# Pics of 2006 Looks



## rollinrob (Dec 8, 2002)

I got these pics of the 2006 Look line today while I was at the S.F. Gran Prix. They have envieled a new model- the 565 which is between the 555 and 585. It has a little more HM carbon than the 555 and a "bigger" carbon weave, kinda like a Scott or Fuji.. Enjoy!


----------



## frenchmb (Dec 22, 2004)

rollinrob said:


> I got these pics of the 2006 Look line today while I was at the S.F. Gran Prix. They have envieled a new model- the 565 which is between the 555 and 585. It has a little more HM carbon than the 555 and a "bigger" carbon weave, kinda like a Scott or Fuji.. Enjoy!


Can't believe it I just purchased a 555 so I would get the HSC 5 fork and blue colour scheme!
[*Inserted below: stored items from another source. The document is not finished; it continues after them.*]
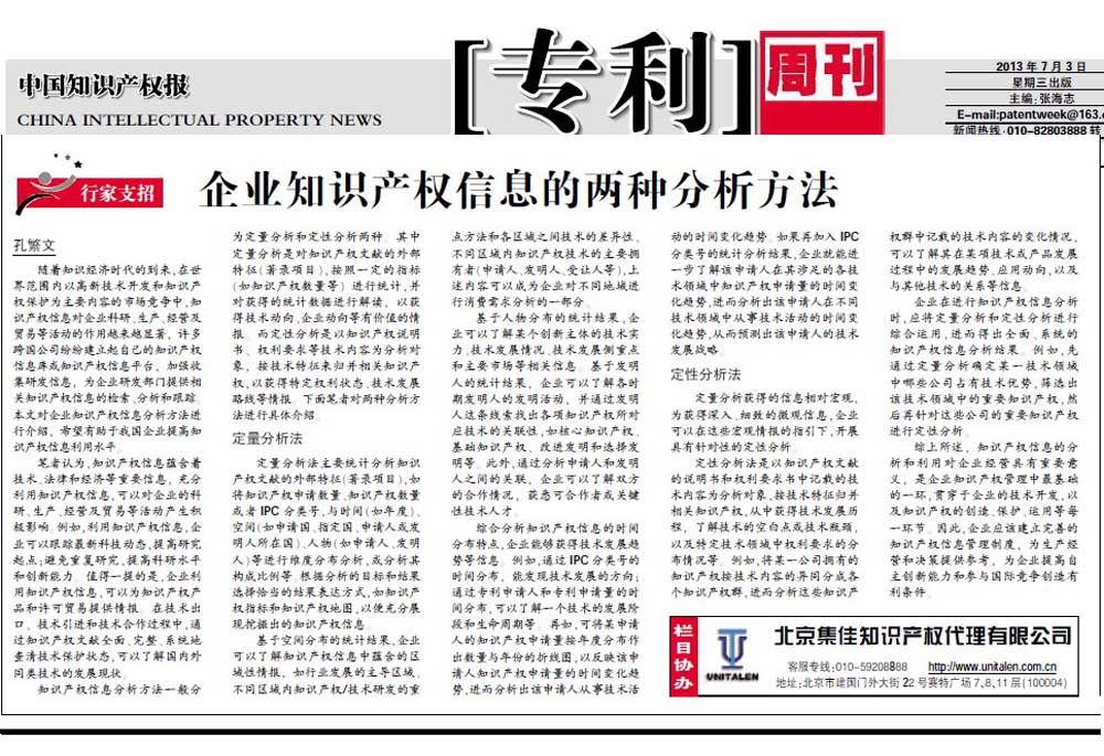 《中國知識產(chǎn)權(quán)報(bào)》:企業(yè)知識產(chǎn)權(quán)信息的兩種分析方法
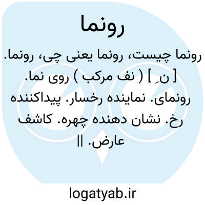 رونما. [ ن ِ ] ( نف مرکب ) روی نما. رونمای. نماینده رخسار. پیداکننده رخ. نشان دهنده چهره. کاشف عارض. || ( اِ مرکب ) رونما. روی نما. هدیه ای که عروسان را دهند. ( شرفنامه منیری ) ( از آنندراج ). کنایه از هدیه ای است که در وقت دیدن روی عروس دهند. ( انجمن آرا ) ( از برهان ). هدیه ای که داماد یا پدر داماد، عروس را دهند گاه دیدار روی او بار اول. ( یادداشت مؤلف ):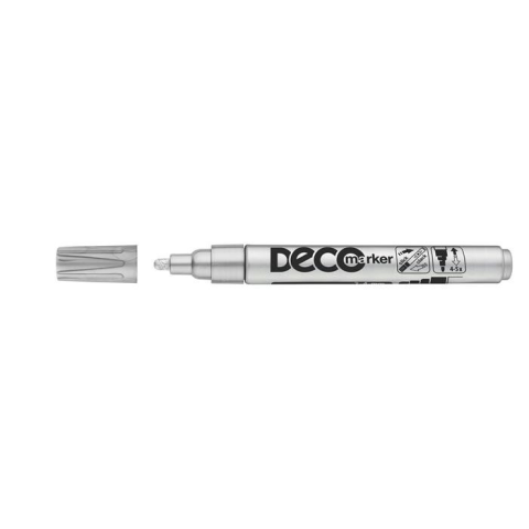 Lakkmarker, 2-4 mm, ICO Decomarker ezüst - műanyag testű, kerekített heggyel ellátott marker, - lakkszerűen fedő festékkel töltve - üveg, kerámia, műanyag, fém illetve szinte minden felület jelölésére, díszítésére alkalmas - gyorsan száradó festék - ír

If I had only known the 565 was on the way, it's lighter and comes in white  Found this link http://www.cycleshow.co.uk/page.cfm/link=160 with a bit of detail about it.


----------



## trojanlete (Sep 2, 2005)

*Look 565*

Does the 565 follow the same geometry and bottom bracket configuration as the 555?


----------



## sirbikealot (Apr 8, 2005)

trojanlete said:


> Does the 565 follow the same geometry and bottom bracket configuration as the 555?


same geometry but it has the alum BB, only the 585 has that piece of magic....for now


----------



## trojanlete (Sep 2, 2005)

*Look 565*

Is the 565 replacing the 555 for 2006? Will the 585 be updated in 2006? 585 or 565???? Can't wait to test ride the 565. Any idea when they are to be released?


----------



## sirbikealot (Apr 8, 2005)

trojanlete said:


> Is the 565 replacing the 555 for 2006? Will the 585 be updated in 2006? 585 or 565???? Can't wait to test ride the 565. Any idea when they are to be released?
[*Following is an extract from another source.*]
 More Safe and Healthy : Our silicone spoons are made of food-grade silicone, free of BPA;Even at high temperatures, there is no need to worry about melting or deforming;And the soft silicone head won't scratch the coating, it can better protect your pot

no the 555,565 and 585 are all a go for 2006

555 has new HSC4 fork, straight stays,alum bb, HM carbon

565 has new HSC5 fork, curved rear stays, alum bb, HM carbon throughout

585 has new HSC5 fork, curved rear stays, forged carbon bb and VHM carbon throughout and internally butted frame


----------



## acid_rider (Nov 23, 2004)

*HSC4 versus HSC5 fork?*



sirbikealot said:


> no the 555,565 and 585 are all a go for 2006
> 
> 555 has new HSC4 fork, straight stays,alum bb, HM carbon
> 
> ...


pardon my ignorance - what are the advantages of HSC5 fork over HSC4 fork in 2006 line-up? And what is the weight difference between them?
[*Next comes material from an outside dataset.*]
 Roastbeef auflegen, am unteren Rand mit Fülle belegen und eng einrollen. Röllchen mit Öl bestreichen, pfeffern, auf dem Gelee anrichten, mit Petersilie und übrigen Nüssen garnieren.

Will new 565 ride better i.e more comfortable than 555 or is it just stiffer and lighter?Assume distance-style of road riding, not racing criteriums, not doing TT/aero-bars etc.

thank you


----------



## tthomlaw (Sep 14, 2005)

*Good to know*



frenchmb said:


> Can't believe it I just purchased a 555 so I would get the HSC 5 fork and blue colour scheme! If I had only known the 565 was on the way, it's lighter and comes in white  Found this link http://www.cycleshow.co.uk/page.cfm/link=160 with a bit of detail about it.


I guess that is why my LBS is offering me such a good deal on a 555 frame (under $1,600 US). I think I can live with the extra 100 grams on the 555 compared to the 565 for the price difference of $900 US. Good information though. Thanks.


----------



## sirbikealot (Apr 8, 2005)

acid_rider said:


> pardon my ignorance - what are the advantages of HSC5 fork over HSC4 fork in 2006 line-up? And what is the weight difference between them?
> 
> Will new 565 ride better i.e more comfortable than 555 or is it just stiffer and lighter?Assume distance-style of road riding, not racing criteriums, not doing TT/aero-bars etc.
> 
> thank you



hsc5 is 35 gr lighter and has full 1 peice forged carbon tips, the whole fork is just 1 peice
hsc4 has carbon tips that are bonded

the 565 will have a somewhat more comfortable ride as it shares the dual dynamic curve stays of the 585 (more vertical compliance and lateral stiffness), where as the 555 has straight stays


----------



## trojanlete (Sep 2, 2005)

*2006 Look 486*

Any idea what the "new" colors for the 486 will be in 2006, if any?


----------



## rollinrob (Dec 8, 2002)

*Lots of options*



trojanlete said:


> Any idea what the "new" colors for the 486 will be in 2006, if any?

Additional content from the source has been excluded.